What you should do. Exactly the lines from the first line of the records to the line holding "V piatok sme" should be duplicated, and nothing more; pictures stay out.

Records excerpted from a collection
=-=-=
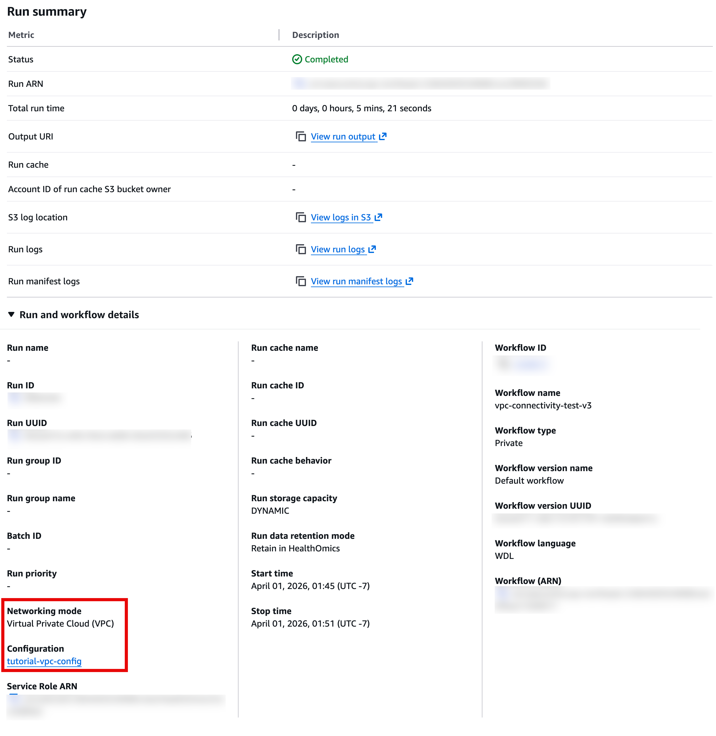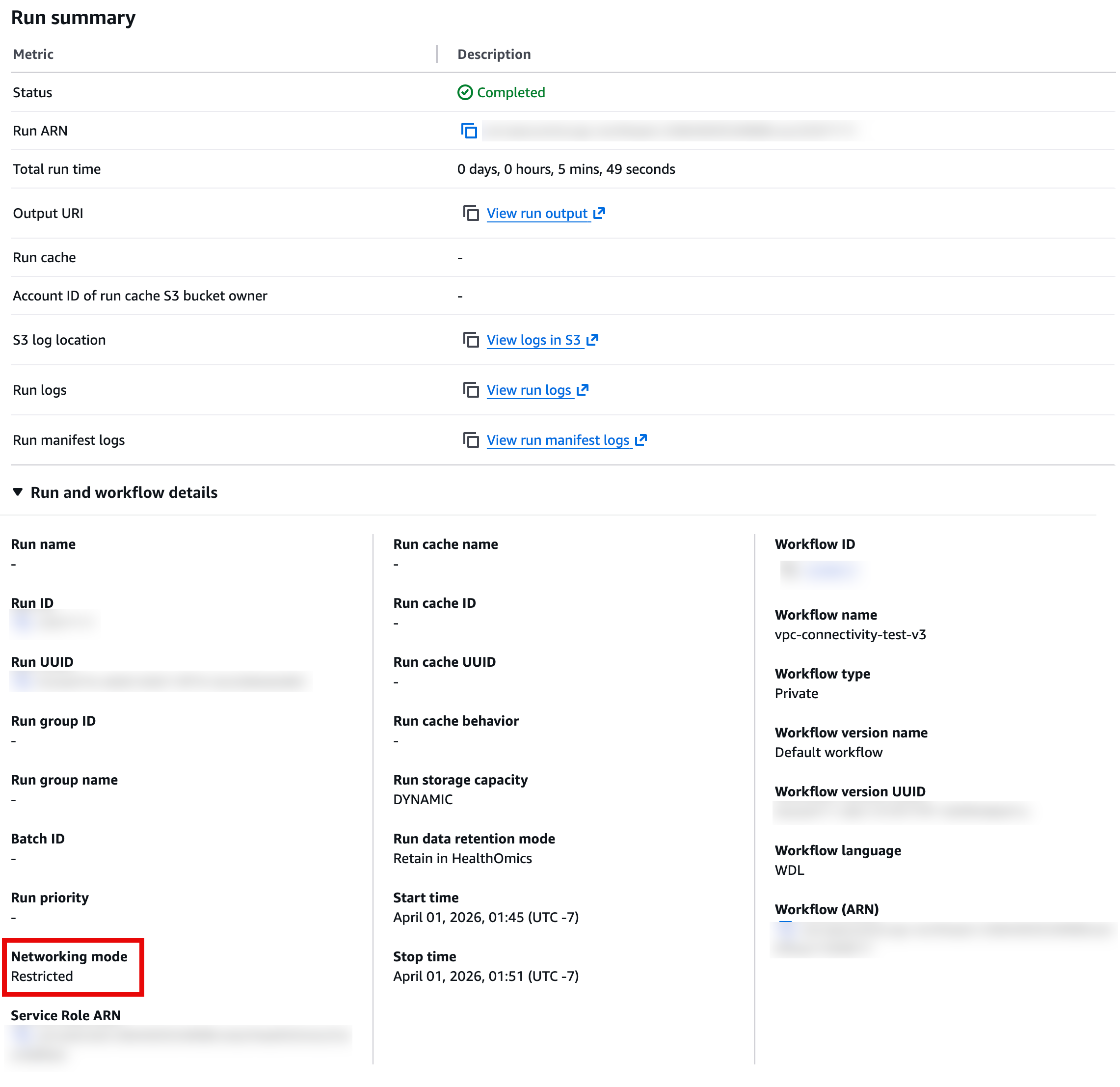 RESTRICTED 모드로 실행한 경우, Networking mode 항목에 Restricted로 표시됩니다. Configuration 항목은 표시되지 않으며, 워크플로우는 HealthOmics의 기본 네트워크 환경에서 실행됩니다. 같은 리전의 S3와 ECR만 접근 가능하고, 외부 인터넷 연결은 불가합니다.
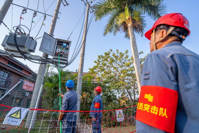 西雙版納供電局保供電黨員突擊隊在春節(jié)期間開展電力維護(hù)。任軍攝
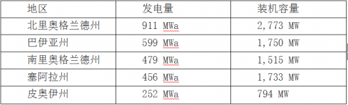中國儲能網(wǎng)訊:2016年上半年巴西風(fēng)電發(fā)電量達(dá)到9330MW,年增長率為55%。北里奧格蘭德州風(fēng)電裝機(jī)量以及發(fā)電量都是最高的,風(fēng)電發(fā)電量達(dá)到了911MW,增長了40%。巴西各個州風(fēng)電裝機(jī)容量及發(fā)電量詳情見下表:
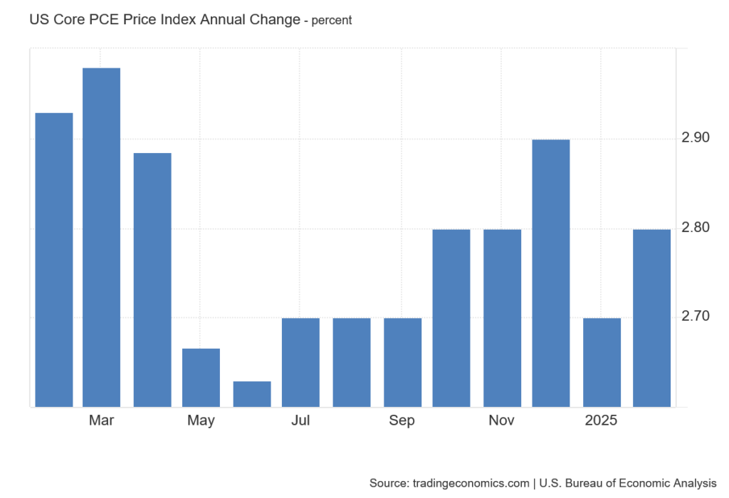 V piatok sme sa dozvedeli údaj o americkej inflácii PCE za mesiac február. Tento ukazovateľ, ktorý americký Fed intenzívne sleduje, medzimesačne vzrástol o 0,4 percenta, hoci analytici očakávali rast iba o 0,3 percenta. V medziročnom vyjadrení potom inflácia PCE, ktorá nezahŕňa ceny potravín a energií, stúpla na 2,8 percenta.
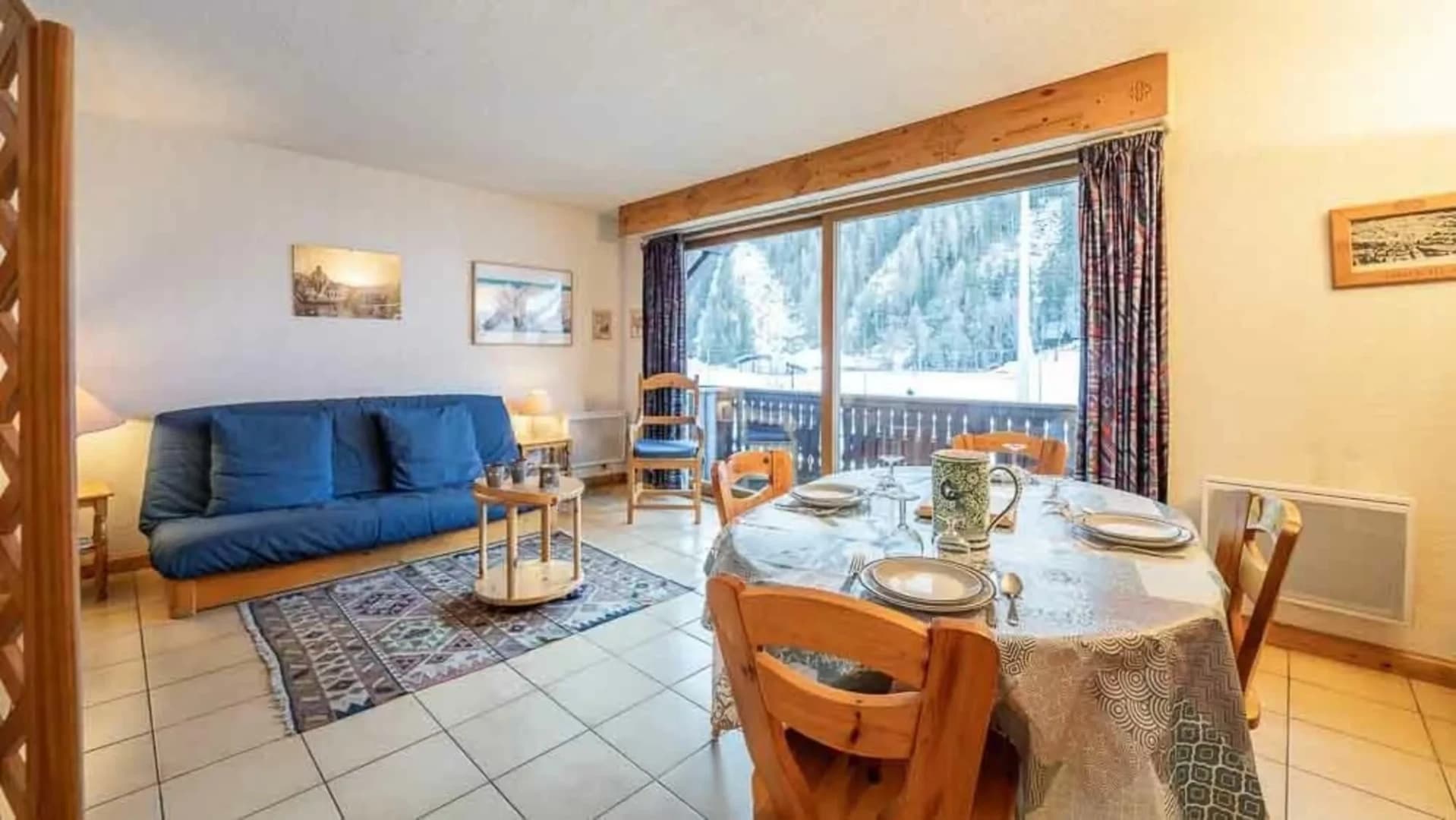 The Mélèzes 5 apartment offers a cozy and functional 50 m² living space, ideal for up to 4 guests. It features a bright open-plan layout with a fully equipped kitchen that flows into the dining area and comfortable living room, perfect for sharing meals and relaxing after a day on the slopes.
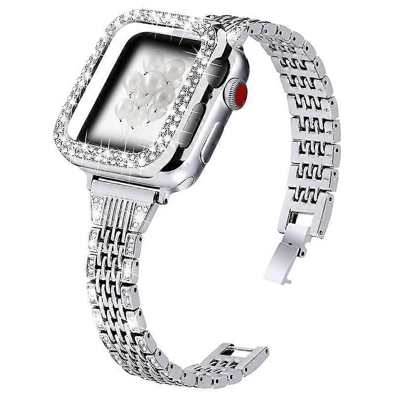 Type B Shiny Rhinestone 7 Beads Stainless Steel Watchband Strap + Protective PC Watch Case Cover
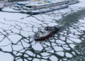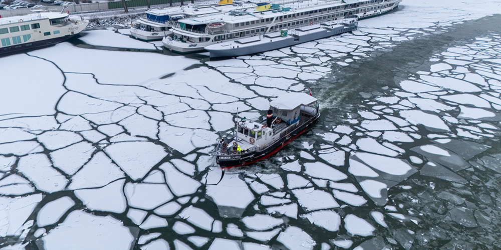 Linz, 8. Jänner 2026: Der Eisbrecher „MS EDUARD“ der Linz AG ist im Linzer Hafen im Einsatz und bricht Eisflächen, um die Schiffbarkeit des Hafenbeckens sicherzustellen. (Foto: LINZ AG / fotokerschi)
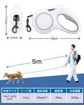 犬 リード 伸縮 ロングリード LED ライト付き 光る 長さ5m 自動巻き ストラップ付き リフレクター 光反射 夜散歩 小・中型犬用 [長さ:5m 適応体重30kg]
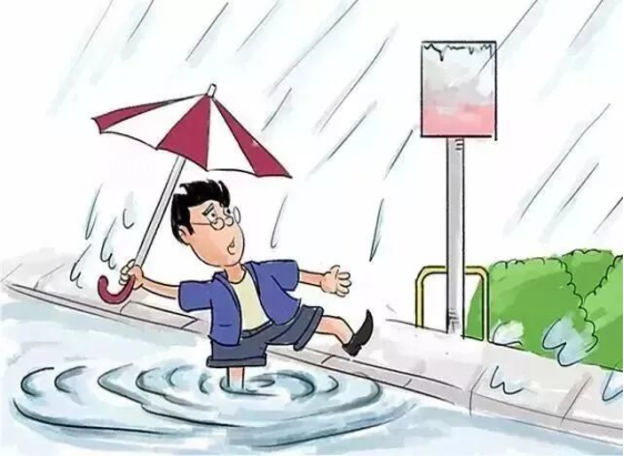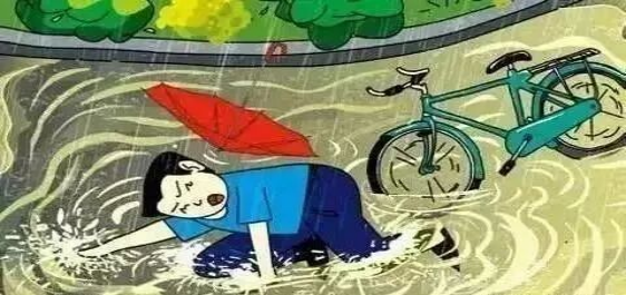 ●水中行,避井坑。出行遇到暴雨引起大面积积水,特别是儿童、妇女、老人要注意观察四周有关警示标志,注意路面,防止跌入窨井、地坑、沟渠等之中。
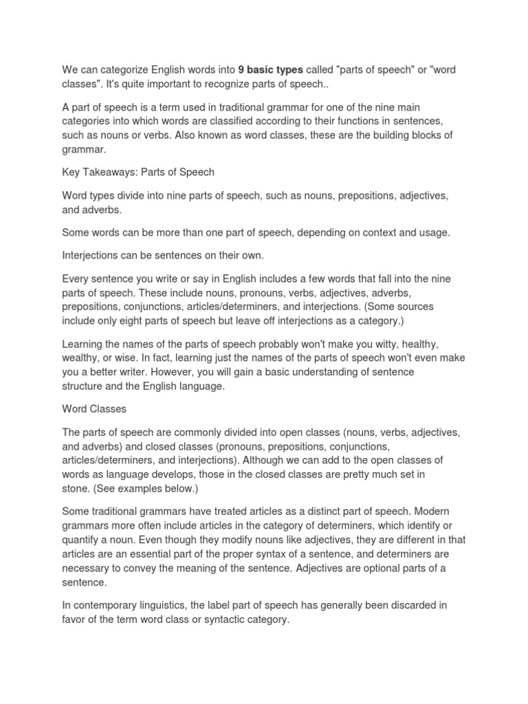 The 9 Parts of Speech: Definitions and Examples - ThoughtCo Every sentence you write or speak in English includes words that fall into some of the nine parts of speech. These include nouns, pronouns, verbs, adjectives, adverbs, prepositions, conjunctions, articles/determiners, and interjections. (Some sources include only eight parts of speech and leave interjections in their own category.) Labeling Parts Of Speech Worksheet Teaching Resources | TpT Parts of Speech: Labeling Sentences by The Adaptive Teacher 22 $1.50 PDF Provide your students with opportunities to practice labeling parts of speech within sentences. The parts of speech included in worksheets are nouns, verbs, adjectives, and adverbs. These worksheets are great for independent and guided practice. Labeling Parts Of Speech Teaching Resources - TeachersPayTeachers Parts of Speech Quiz: Labeling Sentences and Matching Definitions This parts of speech quiz assesses knowledge of the 9 parts of speech: noun, pronoun, adjective, verb, adverb, preposition, conjunction, interjection and article. This quiz can be used from elementary school through high school. Part I Match terms and definitions Part II Label ... The 8 Parts of Speech: Examples and Rules | Grammarly Blog The 8 parts of speech 1. Nouns A noun is a word that names person, place, concept, or object. Basically, anything that names a "thing" is a noun, whether you're talking about a basketball court, San Francisco, Cleopatra, or self-preservation. Nouns fall into two categories: common nouns and proper nouns.
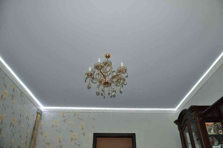 Системы освещения для матовых потолков используются такие же, как для натяжных покрытий других фактур. Встроенные светильники, накладные и подвесные люстры здесь ничем не отличаются от лака или сатина.
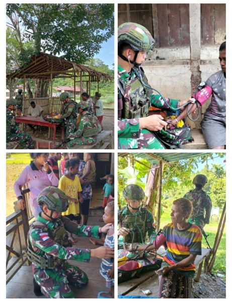 Satgas Pamtas Kewilayahan RI-PNG Yonif 642/Kps Pos Rawara Laksanakan Pelayanan Kesehatan
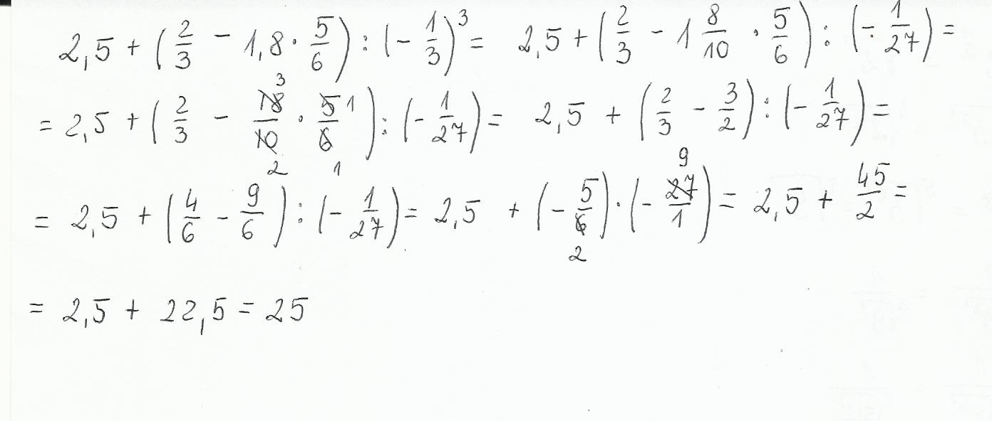 2,5+(2/3 -1,8 * 5/6) :(-1/3)^3=
=-=-=
Problem solution.
 RESTRICTED 모드로 실행한 경우, Networking mode 항목에 Restricted로 표시됩니다. Configuration 항목은 표시되지 않으며, 워크플로우는 HealthOmics의 기본 네트워크 환경에서 실행됩니다. 같은 리전의 S3와 ECR만 접근 가능하고, 외부 인터넷 연결은 불가합니다.
 西雙版納供電局保供電黨員突擊隊在春節(jié)期間開展電力維護(hù)。任軍攝
中國儲能網(wǎng)訊:2016年上半年巴西風(fēng)電發(fā)電量達(dá)到9330MW,年增長率為55%。北里奧格蘭德州風(fēng)電裝機(jī)量以及發(fā)電量都是最高的,風(fēng)電發(fā)電量達(dá)到了911MW,增長了40%。巴西各個州風(fēng)電裝機(jī)容量及發(fā)電量詳情見下表:
 V piatok sme sa dozvedeli údaj o americkej inflácii PCE za mesiac február. Tento ukazovateľ, ktorý americký Fed intenzívne sleduje, medzimesačne vzrástol o 0,4 percenta, hoci analytici očakávali rast iba o 0,3 percenta. V medziročnom vyjadrení potom inflácia PCE, ktorá nezahŕňa ceny potravín a energií, stúpla na 2,8 percenta.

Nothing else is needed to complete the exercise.